What led me to therapy
I first started therapy 18 months after my separation from my husband. The day I decided I needed therapy was one like many others I'd been having...a day spent with such (seemingly inexplicable) crippling anxiety, I wasn't sure if I could leave the house or drive my car. That particular day, however, I was able to remember a dream I'd had the night before. A very upsetting dream about my former nephews and brother-in-law. Even though I'd forgotten it when I woke up, by mid-afternoon I was sure this haunting dream was the cause of that day's anxiety. 18 months later, even though I was doing "great!", I realized the separation and pending divorce was owning me, and I couldn't live like that anymore.

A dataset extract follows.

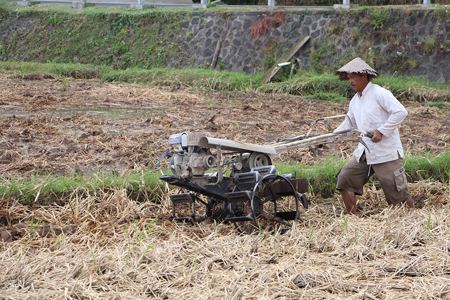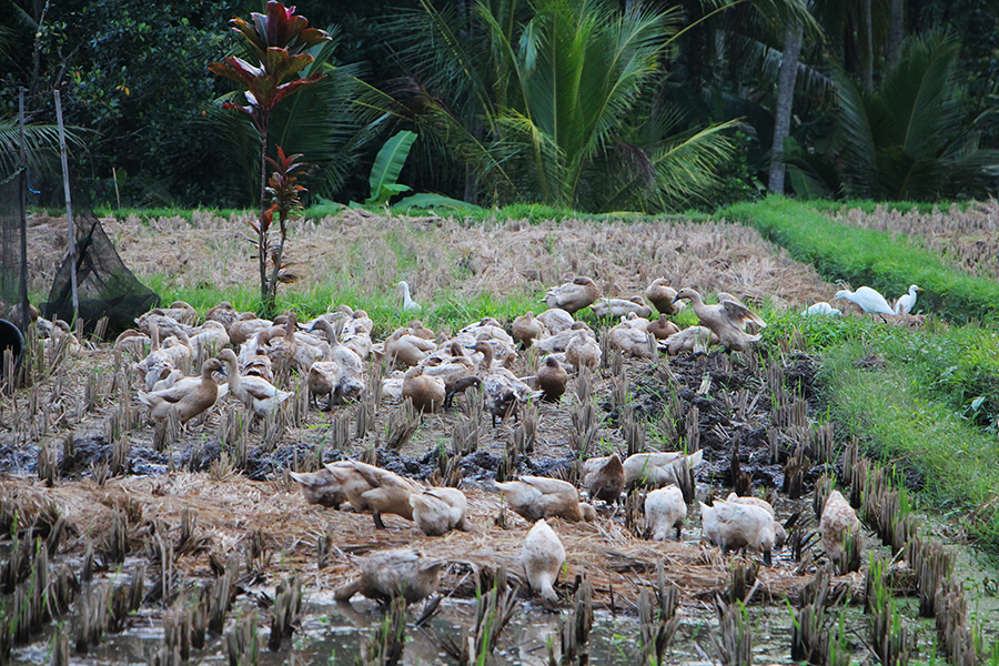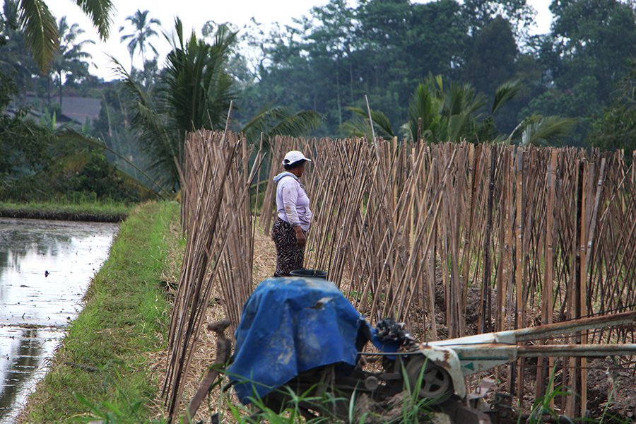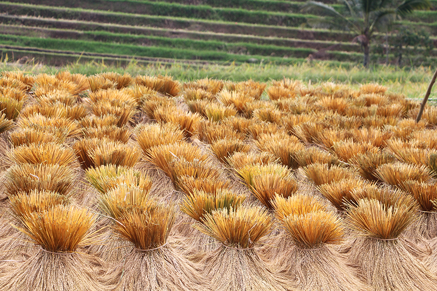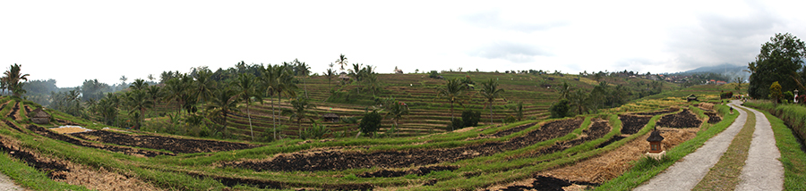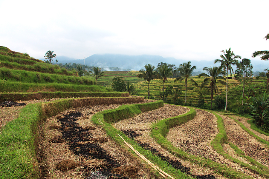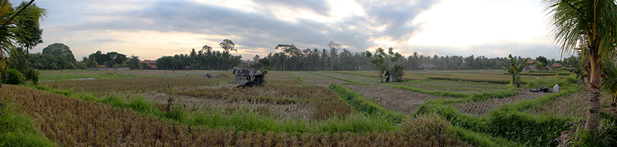 Nous nous rendons ensuite dans les rizières d'Ubud. C'est assez incroyable car c'est vraiment collé au centre ville mais on ne le devinerai pas. Depuis la rue principale du marché, un seul tout petit panneau indique le départ du chemin. Après avoir longé quelques toutes petites ruelles, nous débouchons dans de vastes rizières, on ne dirait vraiment pas que nous sommes à deux pas du centre ville surpeuplé d'Ubud ! Nous sommes à la saison sèche et bon nombre de parcelles ont déjà été récolté. Une fois le riz récolté, ils mettent le feu aux parcelles puis les innondent, donc nous n'aurons pas la chance de voir toutes les parcelles de ce vert éclatant typique des rizières, mais ce n'est pas grave, c'est beau quand même! Nous faisons donc la petite boucle d'environ une heure et nous sommes conquis, c'est pour l'instant notre endroit préféré d'Ubud, loin du bruit, des gens et du harcèlement des vendeurs de rue !

Why I chose Open Heart Therapy
Enter Trinity, whom I found randomly on the Internet! I was drawn to her warm smile and to the name of her practice, "Open Heart Therapy". That's what I wanted, after all, right? An Open Heart? She seemed spiritual, and I knew I needed to be able to connect with someone on that level before I could tell them anything truly personal about myself. Trinity's office is very comfortable. There's no harsh lighting, there's a calming fountain, and the decor is welcoming and warm to say the least. That certainly helped put me at ease because truthfully, I didn't want to be there. I mean, does anyone want to be in therapy? Isn't going to therapy admitting that there is something WRONG with you, and that you are TOO WEAK to deal with it on your own? We started slowly. That was on me because I was only willing to reveal so much. But Trinity was patient and never pushed me.
I had homework assignments
I had to write down any mean things I said to myself. I acknowledged these mean things. I became aware of this destructive self-talk. Eventually I started replacing it with positive self-talk. I learned to give myself credit for things. I learned to praise myself for my successes, no matter how small. I emptied the dishwasher (my most loathed household chore)...good job, self! I started taking time to celebrate my accomplishments...even the big ones. It seems like a no-brainer, but I'd achieve something great or unlikely, and I wouldn't take a moment to congratulate myself or be grateful, it was always just...ok, what's next? I learned to bask in the satisfaction of any achievement - big or small.
Clonazepam - my crutch.
The anxiety drug I have taken intermittently for 16 + years. I was finally at a place where I knew I didn't want to rely on it anymore. In fact, it was messing with my short-term memory. My "goal" was to get off of it, but I didn't really mean it because I didn't really think it could happen. I was taught a breathing technique that initially seemed like garbage... but actually was enormously effective! When Trinity realized my intentions were weak, she gave me a rock to carry and look at regularly that said "Faith" to remind me that I had the inner strength to get off the pills if I truly wanted it.
I now practice a breathing technique and meditate as often as possible.
I still carry the pills in my purse as a security blanket, but I haven't taken one in months. A few unusual techniques we used were chalkboard drawing and singing. I was encouraged to let go of my hard wired conditioning by writing my negative beliefs and their counter truths and drawing with my non-dominant left hand! I surprised myself at how well I did and that helped to unlock yet another level of personal healing for me. One time Trinity got super creative at getting me to sing in a session and again I was amazed at what I was capable of; my power and strength always lied within. All I had to do was look inside myself for the answers. Empowering.
From therapy I learned
I learned I could own my divorce, instead of letting it own me. I learned that I am enough - I am whole and complete on my own. I learned that I don't need to seek the approval of others...not strangers, friends, not even my parents. I learned to trust myself - I observed that throughout my life, I have always made the right decision for me, even if it took longer than expected, and that there's no reason my trend of good decision-making won't continue. I learned to go easier on myself when I make mistakes. I was so surprised by how quickly I was able to feel empowered again, once we started doing the work. We are each forever and always a work in progress, but I feel more equipped now, with the tools I learned at Open Heart Therapy, to handle life and continue to improve myself day after day.